Greg Heartsill told his friends and neighbors he supported Sen. Ted Cruz’s presidential bid, advising the Iowa campaign and running to be one of his delegates to the Republicans’ nominating convention. The state representative helped Cruz win a narrow victory in Iowa’s leadoff caucuses back in February, and arrived in Cleveland as a delegate this week.
So it was only slightly awkward when the Columbia, Iowa, resident joined the rest of Iowa’s delegation in giving their support to Donald Trump, his party’s nominee. Party unity matters still for his state, and the delegation rallied around the eventual victor under state party rules. “People need to realize this is a binary choice. You only have two choices,” Heartsill said on Wednesday even as he was eager to hear Cruz address the convention. “Hillary Clinton would be a third term for Barack Obama, and we can’t have that. That’s the only choice that matters.”
So went much of the chatter in Cleveland this week. Clinton’s name was often spoken more than Trump’s—in speeches from the podium and in conversations with party activists here. Trump is an imperfect vessel for the GOP and its orthodoxy, but he’s the party’s best tool to keep Clinton out of the White House. Selling Trump’s candidacy was less of the goal than tearing down Clinton’s.
On the floor Wednesday night, aides passed out signs that proclaimed “America deserves better than Hillary.” “We need a businessman, not a Hillary-crat,” small businesswoman Michelle Van Etten said. Kentucky state Sen. Ralph Alvarado criticized “the President and his apprentice Hillary Clinton” and acknowledged the difficult choice: “Do you want someone who is brutally honest, perhaps to a fault, or somebody who is brutally dishonest?”
So it continued through the third night of this convention, with Vice Presidential nominee Mike Pence joining the pile-on as he officially joined the ticket. “Let's resolve here and now that Hillary Clinton will never become President of the United States of America,” Pence said, earning some of his biggest applause of the night.
The rhetoric found welcome ears in the hall. “It’s necessary,” Theresa Peel said of the anti-Clinton messaging. “I was not fully informed just how bad she was,” the Waxahachie, Texas, woman said. For those like her, the innuendo of Clinton’s dodgy behavior is a better motivator to back Republicans than anything that can be said about Trump.

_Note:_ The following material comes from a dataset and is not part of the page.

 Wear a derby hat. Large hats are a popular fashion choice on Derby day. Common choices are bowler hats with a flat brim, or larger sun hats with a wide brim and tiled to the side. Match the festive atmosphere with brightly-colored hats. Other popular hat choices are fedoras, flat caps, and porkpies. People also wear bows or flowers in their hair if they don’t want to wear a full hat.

The delegates spoke not just of opposing their rival, but of jailing her. “Hillary Clinton is the ultimate Washington liberal inside. If she were any more on the inside, she would be in prison,” Wisconsin Gov. Scott Walker roared, drawing the crowd to its feet. “That is why we need to support Donald Trump and Mike Pence.”

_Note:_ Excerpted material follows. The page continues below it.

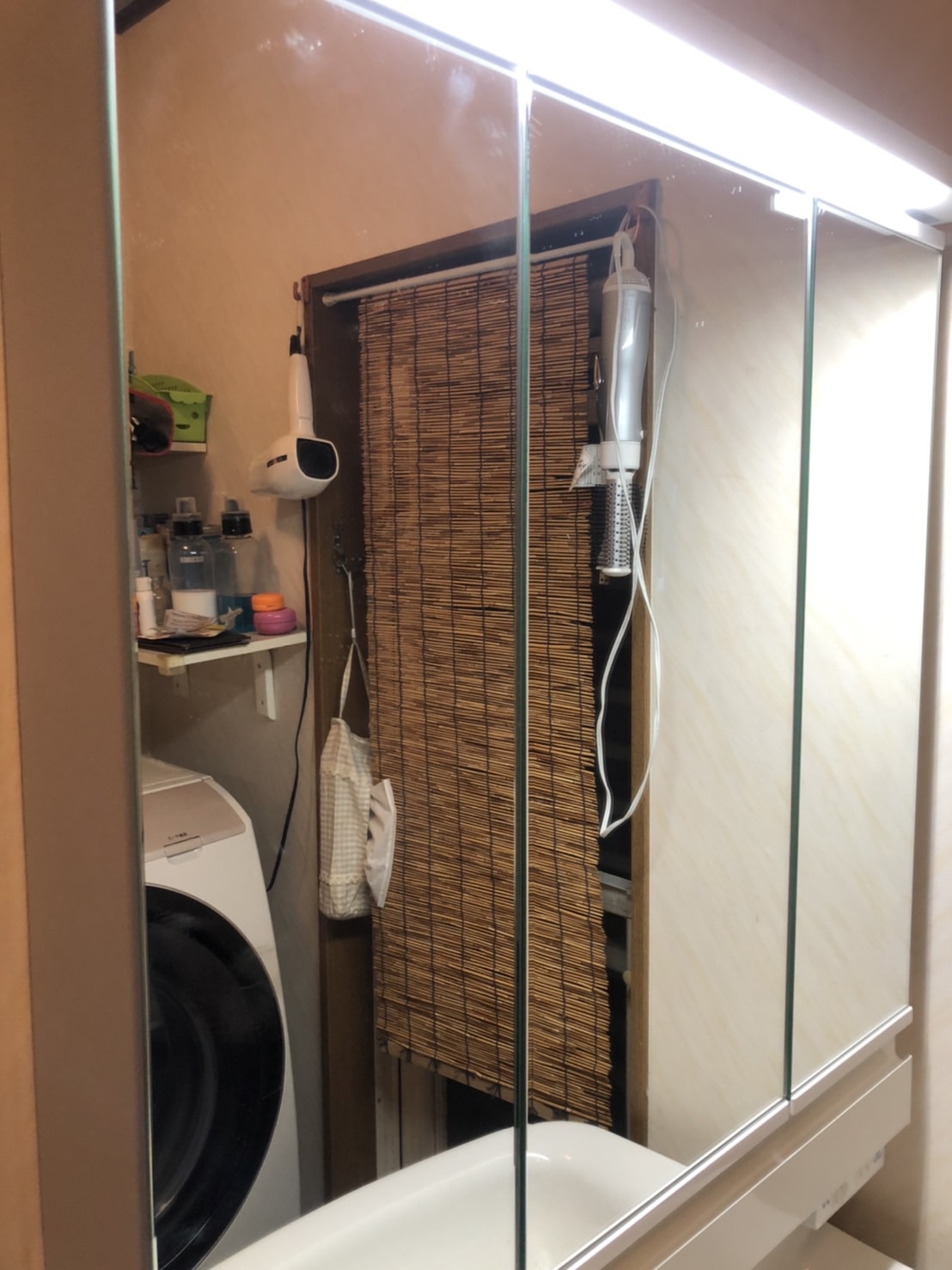 ミラーが三面になり、中に収納ができるため、見た目もスッキリしました。

Seldom were speakers giving specific reasons to back Trump. Cruz spoke Trump’s name just once as he addressed the crowd, never endorsing a rival who suggested Rafael Cruz had a tie to assassination of John F. Kennedy. “Don’t stay home in November,” Cruz extolled delegates. “Vote your conscience.” Thousands of delegates roared into boos as Cruz wrapped up his speech, which veered off-script and ended without an endorsement. It was merely the latest reminder that Trump is the party's nominee, not the party's leader.
Instead, the bulk of the speakers seemed determined to make people vote against Clinton. “A vote for anyone other than Donald Trump in November is a vote for Hillary Clinton,” Walker said. It’s hardly the uplifting message of Ronald Reagan’s “Morning in America” or Barack Obama’s “Hope and Change.” Even Clinton’s slogan these days, “Stronger Together,” carries a warmer tone.
“The time for fighting each other is over. It’s time to come together and fight for a new direction for our country,” Marco Rubio said in a video message to delegates. He did not attend the convention of his one-time rival, but he summed up how many of these delegates were feeling.